*EXERCISE INSTRUCTIONS:* An exact copy of the lines of the listing below between the "Imagina despertar cada" line and the "As the baby" line, both included, is the whole answer; please omit the pictures.

══ DATA RECORDS

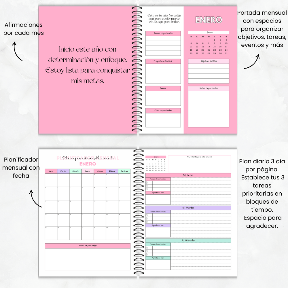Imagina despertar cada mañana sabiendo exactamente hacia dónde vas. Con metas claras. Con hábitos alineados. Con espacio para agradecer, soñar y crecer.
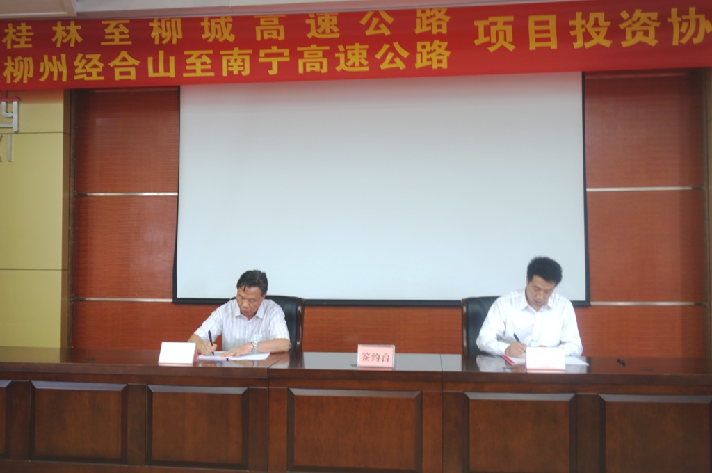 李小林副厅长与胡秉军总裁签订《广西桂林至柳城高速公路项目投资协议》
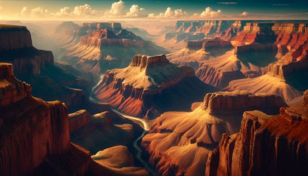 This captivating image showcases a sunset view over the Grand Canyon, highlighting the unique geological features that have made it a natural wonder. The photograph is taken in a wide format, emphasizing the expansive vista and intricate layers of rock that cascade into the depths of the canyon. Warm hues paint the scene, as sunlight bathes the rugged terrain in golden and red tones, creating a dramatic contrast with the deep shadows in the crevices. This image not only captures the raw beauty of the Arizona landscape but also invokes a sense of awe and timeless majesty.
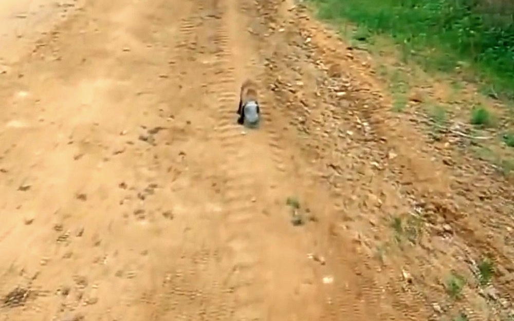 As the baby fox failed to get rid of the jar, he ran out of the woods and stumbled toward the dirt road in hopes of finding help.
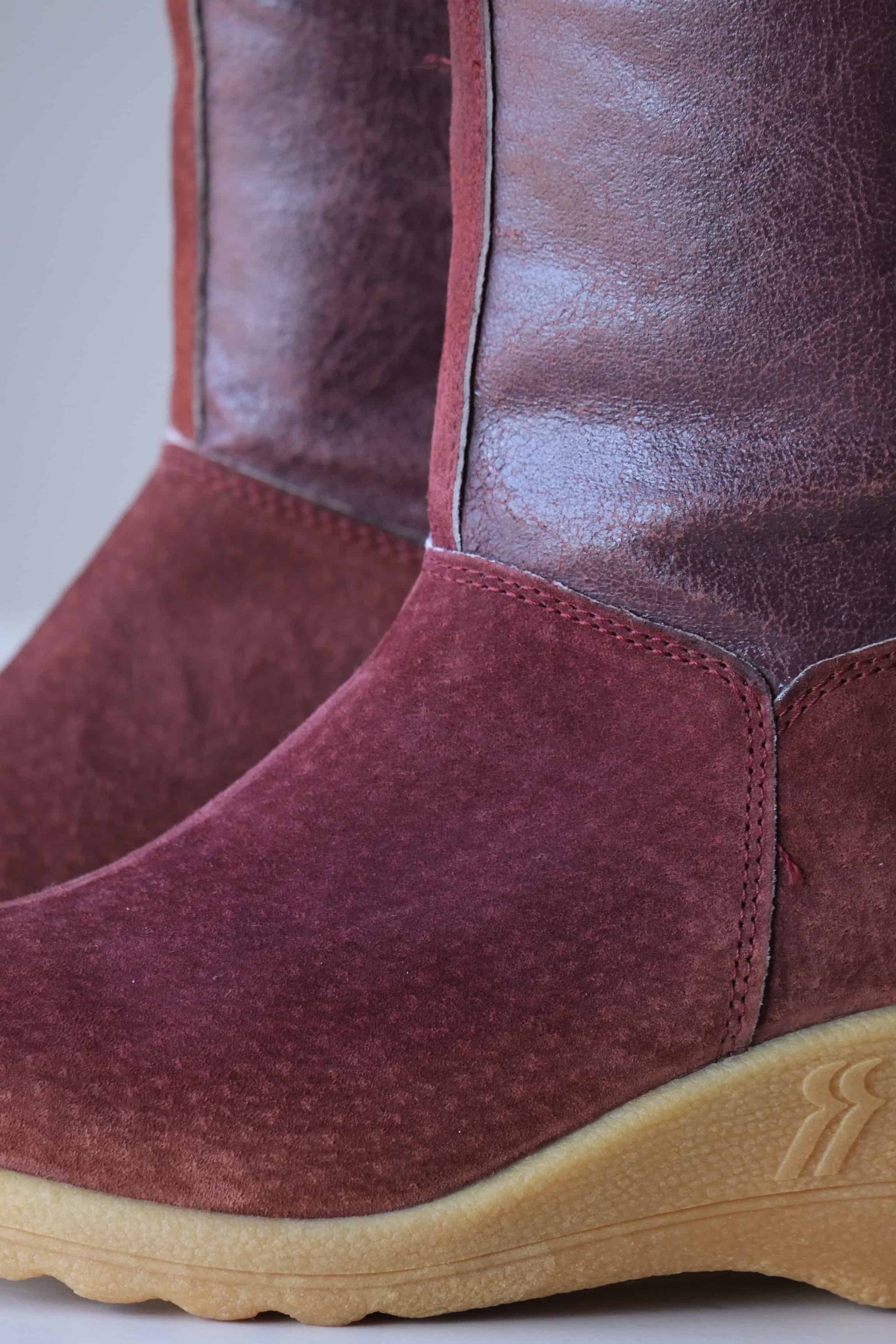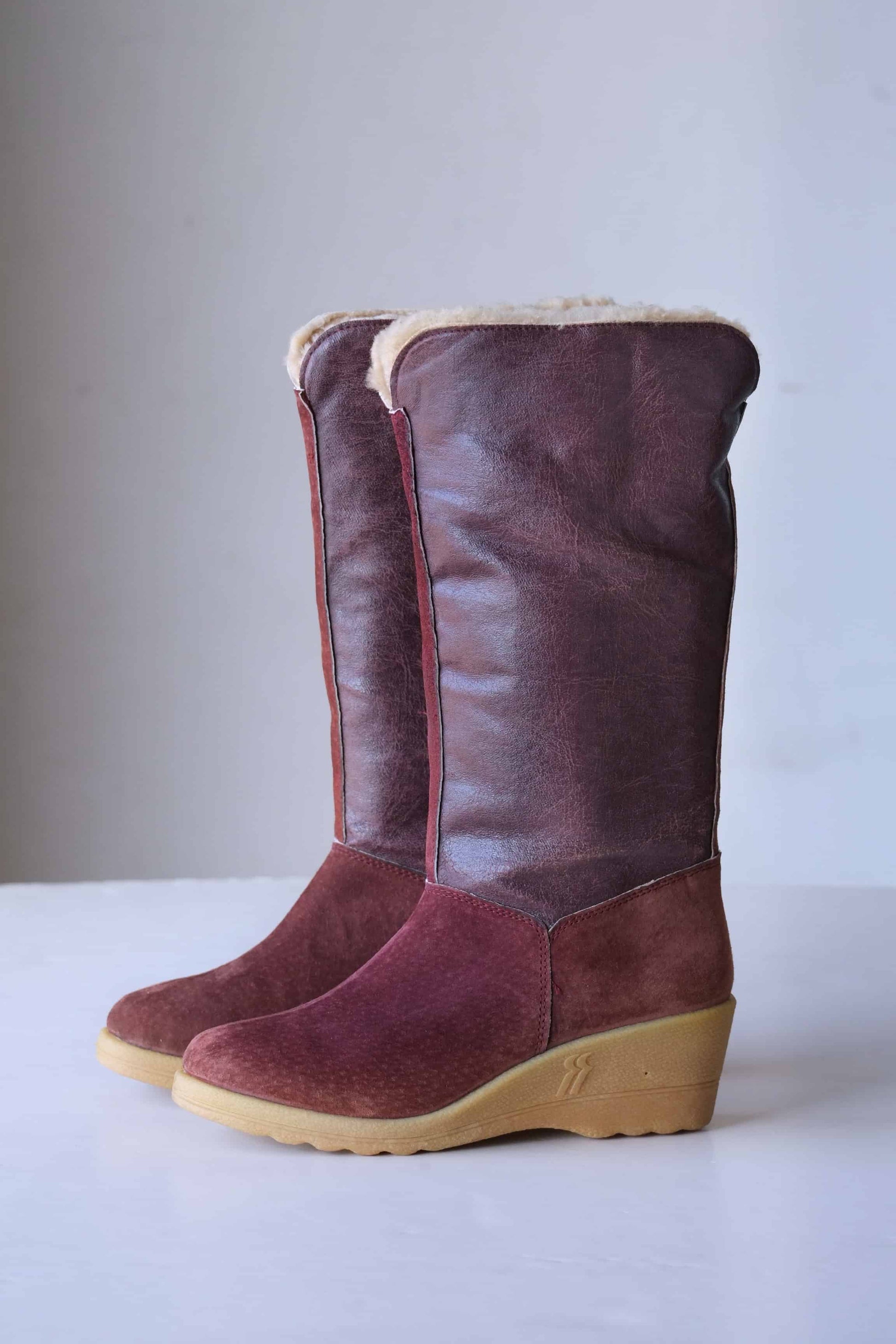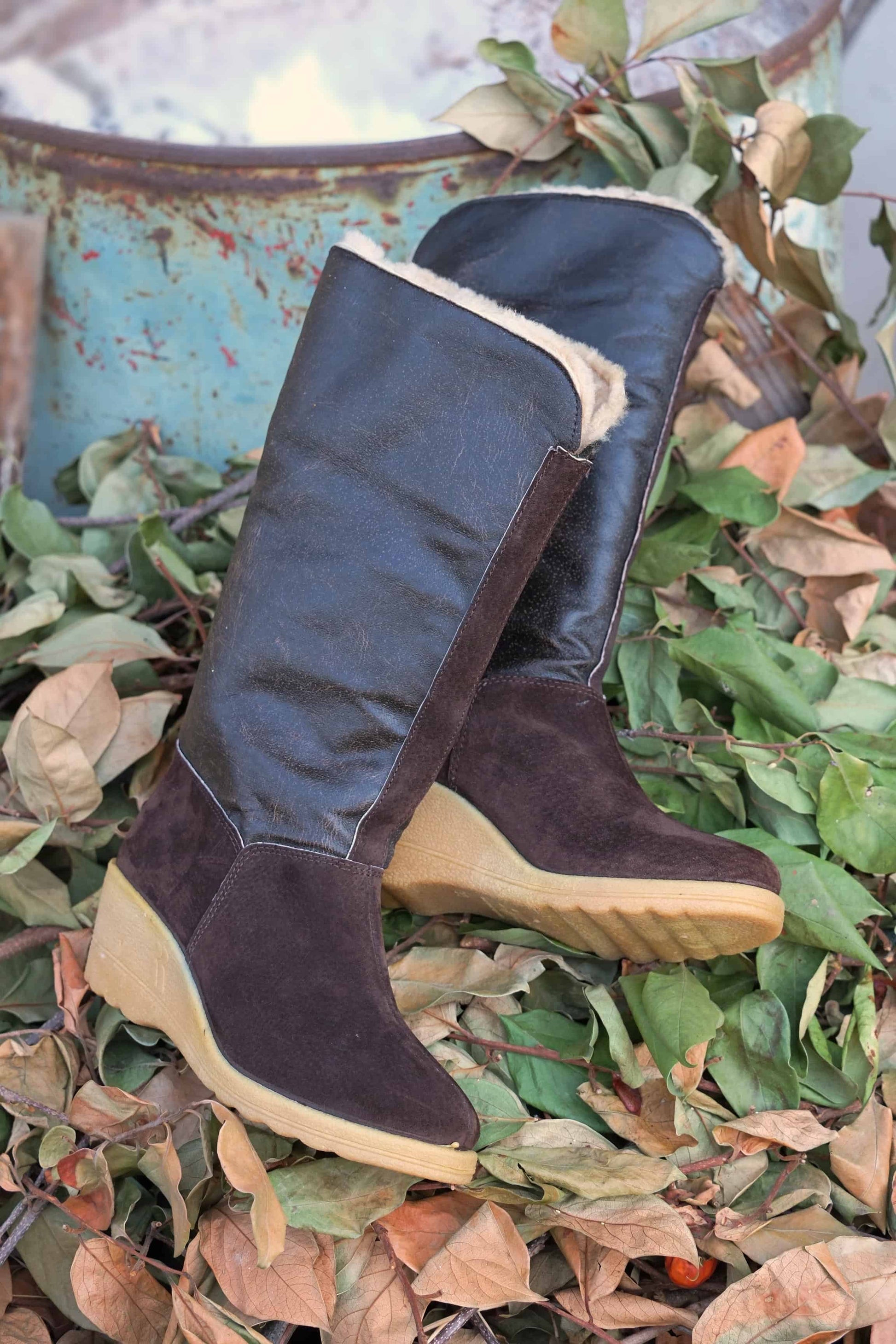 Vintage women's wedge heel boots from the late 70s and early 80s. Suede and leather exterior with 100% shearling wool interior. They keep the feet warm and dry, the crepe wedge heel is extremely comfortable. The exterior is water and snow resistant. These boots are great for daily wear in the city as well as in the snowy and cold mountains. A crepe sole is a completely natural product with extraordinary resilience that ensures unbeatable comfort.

════
══ DATA RECORDS

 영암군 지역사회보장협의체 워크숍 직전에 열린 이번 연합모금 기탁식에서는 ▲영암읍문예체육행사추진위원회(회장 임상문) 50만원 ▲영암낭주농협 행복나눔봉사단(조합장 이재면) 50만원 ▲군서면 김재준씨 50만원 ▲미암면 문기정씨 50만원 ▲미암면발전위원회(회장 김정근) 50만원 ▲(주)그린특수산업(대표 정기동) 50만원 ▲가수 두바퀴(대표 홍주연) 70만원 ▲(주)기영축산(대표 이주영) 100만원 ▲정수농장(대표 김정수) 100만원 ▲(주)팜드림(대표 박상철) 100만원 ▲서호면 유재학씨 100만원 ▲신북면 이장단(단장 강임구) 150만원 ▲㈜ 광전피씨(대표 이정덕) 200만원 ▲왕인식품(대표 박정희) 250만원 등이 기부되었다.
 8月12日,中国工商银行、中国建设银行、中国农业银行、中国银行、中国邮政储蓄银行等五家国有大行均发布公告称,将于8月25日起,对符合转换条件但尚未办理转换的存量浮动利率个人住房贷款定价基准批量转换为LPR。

════

*SOLUTION TO THE EXERCISE:*
Imagina despertar cada mañana sabiendo exactamente hacia dónde vas. Con metas claras. Con hábitos alineados. Con espacio para agradecer, soñar y crecer.
 李小林副厅长与胡秉军总裁签订《广西桂林至柳城高速公路项目投资协议》
 This captivating image showcases a sunset view over the Grand Canyon, highlighting the unique geological features that have made it a natural wonder. The photograph is taken in a wide format, emphasizing the expansive vista and intricate layers of rock that cascade into the depths of the canyon. Warm hues paint the scene, as sunlight bathes the rugged terrain in golden and red tones, creating a dramatic contrast with the deep shadows in the crevices. This image not only captures the raw beauty of the Arizona landscape but also invokes a sense of awe and timeless majesty.
 As the baby fox failed to get rid of the jar, he ran out of the woods and stumbled toward the dirt road in hopes of finding help.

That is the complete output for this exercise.